> [Instructions for the task]: Would you transcribe the listing that follows, character for character, and omit its images?

> [Exercise data]:
- Opening Delimiter -

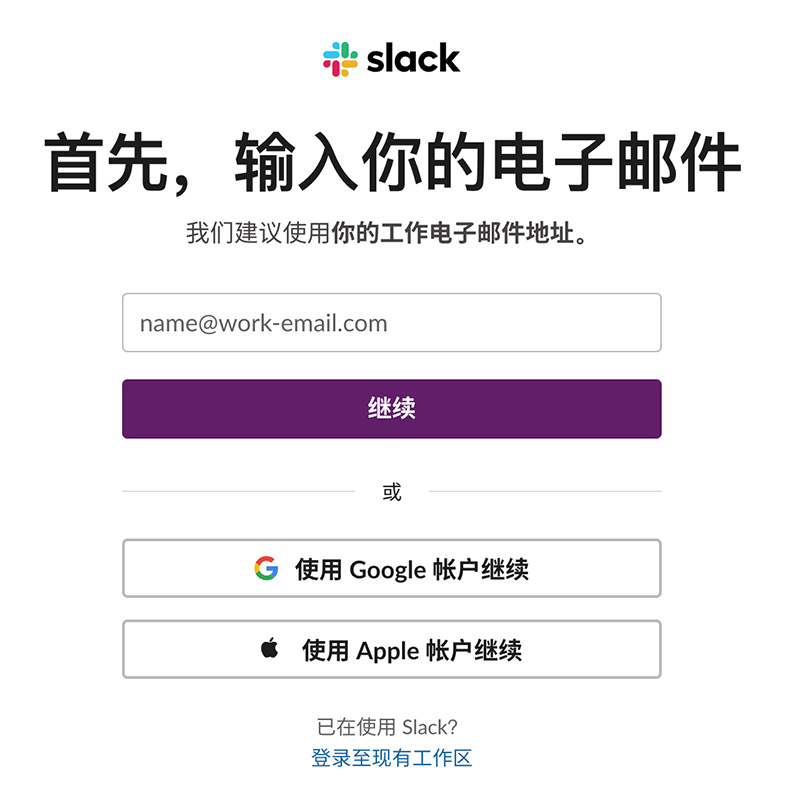 可以使用郵箱「前往這里注冊 Slack 賬號」(可以使用企業(yè)郵箱 或 Gmail、Outlook 等,注意QQ 郵箱不支持),或者直接使用 Google、Apple 賬號進(jìn)行授權(quán)登錄。郵箱進(jìn)行注冊,郵箱驗(yàn)證之后就能成功注冊。
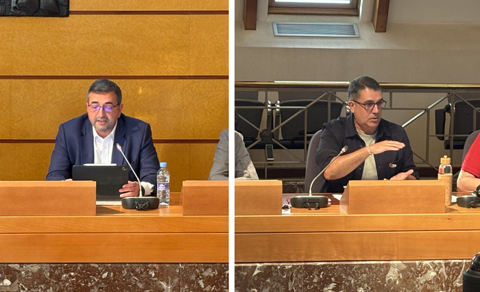 Alzaga eta Mendez atzoko batzarrean. Irudiak: BNN.
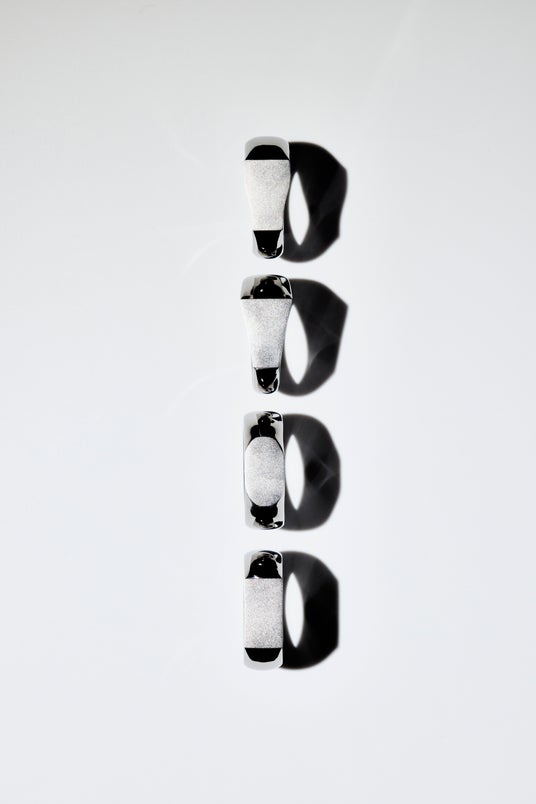 硬く加工が難しいとされるチタンを、1点ずつ丁寧に磨き上げることで、自由な造形と存在感を実現しました。

- Closing Delimiter -

> [Written answer]:
 可以使用郵箱「前往這里注冊 Slack 賬號」(可以使用企業(yè)郵箱 或 Gmail、Outlook 等,注意QQ 郵箱不支持),或者直接使用 Google、Apple 賬號進(jìn)行授權(quán)登錄。郵箱進(jìn)行注冊,郵箱驗(yàn)證之后就能成功注冊。
 Alzaga eta Mendez atzoko batzarrean. Irudiak: BNN.
 硬く加工が難しいとされるチタンを、1点ずつ丁寧に磨き上げることで、自由な造形と存在感を実現しました。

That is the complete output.